A quick one today. We recently came across interesting thoughts and concerns about using Sitecore Edge. As you might know (for example from my previous post), there are no more CD servers when publishing to Sitecore Edge - think of that as just a GraphQL endpoint serving out json.
So, how do we implement a sitemap.xml in such a case? Brainstorming brought several approaches to consider:
Approach one
- Create a custom sitemap NextJS route
- Use GraphQL to query Edge using the search query. Here we would have to iterate through items in increments of 10
- Cache the result on Vercel side using SSG
Approach two
- Create a service from CM side that will return all published items/urls
- This service will only be accessible by Azure function which will generate a sitemap file and store it in CDN
- Front-end would then in this case access this file and render the content of it (or similar)
Approach three
- Generate all the sitemaps (if more than a single sitemap) on CM, then store them all in single text fields
- Returned them via edge, using GraphQL the font-end head which handles sitemap.xml
Then I realized, there is SXA Headless boasts SEO features OOB, including sitemap.xml.
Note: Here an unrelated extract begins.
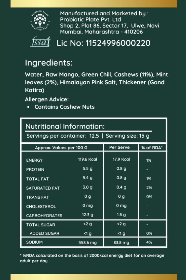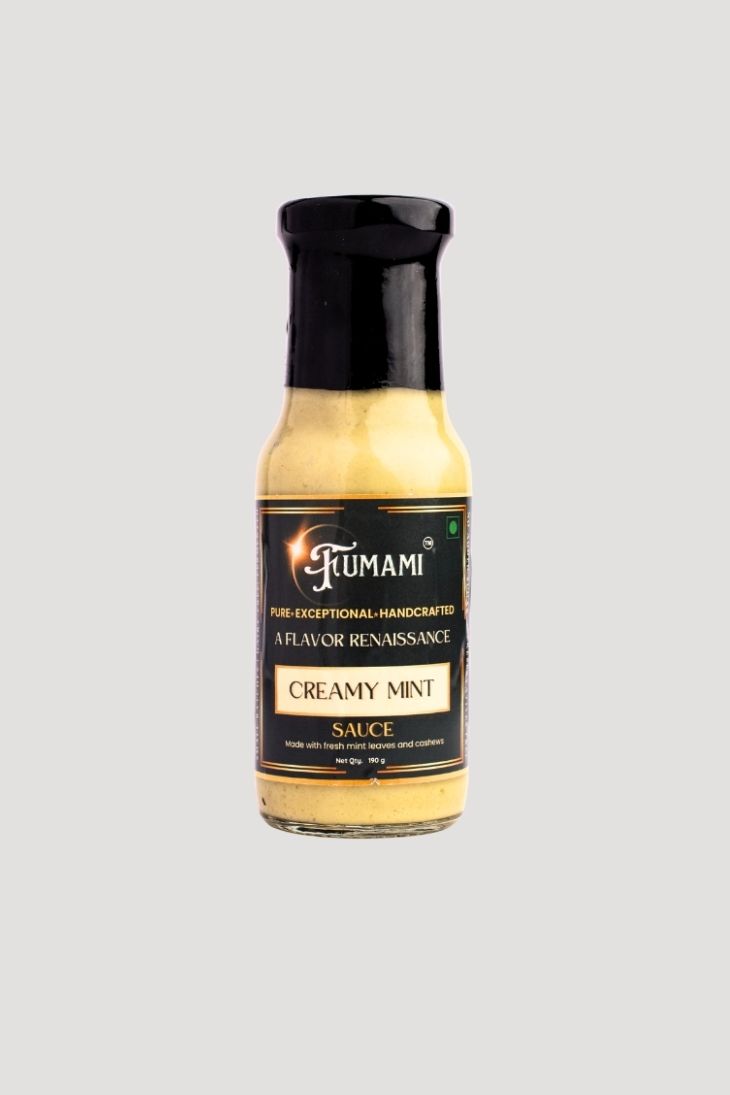 Creamy Mint Sauce is a zesty blend of creamy cashews, tart green mango, fresh mint, and fiery chilies. The sauce bursts with the bright, tangy sharpness of green mango, complemented by the cool, herbaceous freshness of mint. Creamy cashews add a rich, nutty smoothness, rounding out the flavors with a velvety finish.

Let's take a look at what they do in order to generate sitemaps.
With 10.3 of SXA, the team has revised the Sitemap feature providing much more flexibility to cover as many use cases as only possible. Looking at /Sitecore/Content/Tenant/Site/Settings/Sitemap
item you'll find lots of settings for fine-tuning your sitemaps depending on your particular needs. CM crawls websites and generates sitemaps. Then they get published to Sitecore Edge as a blob and then it gets proxied by a Rendering Host via GraphQL. When search engines request sitemaps of a particular website, Rendering Host gives them exactly what has been asked. That is actually similar to the above approach three with all the invalidation and updates of sitemaps provided also OOB.
This gives out a good amount of options, depending on your particular scenario.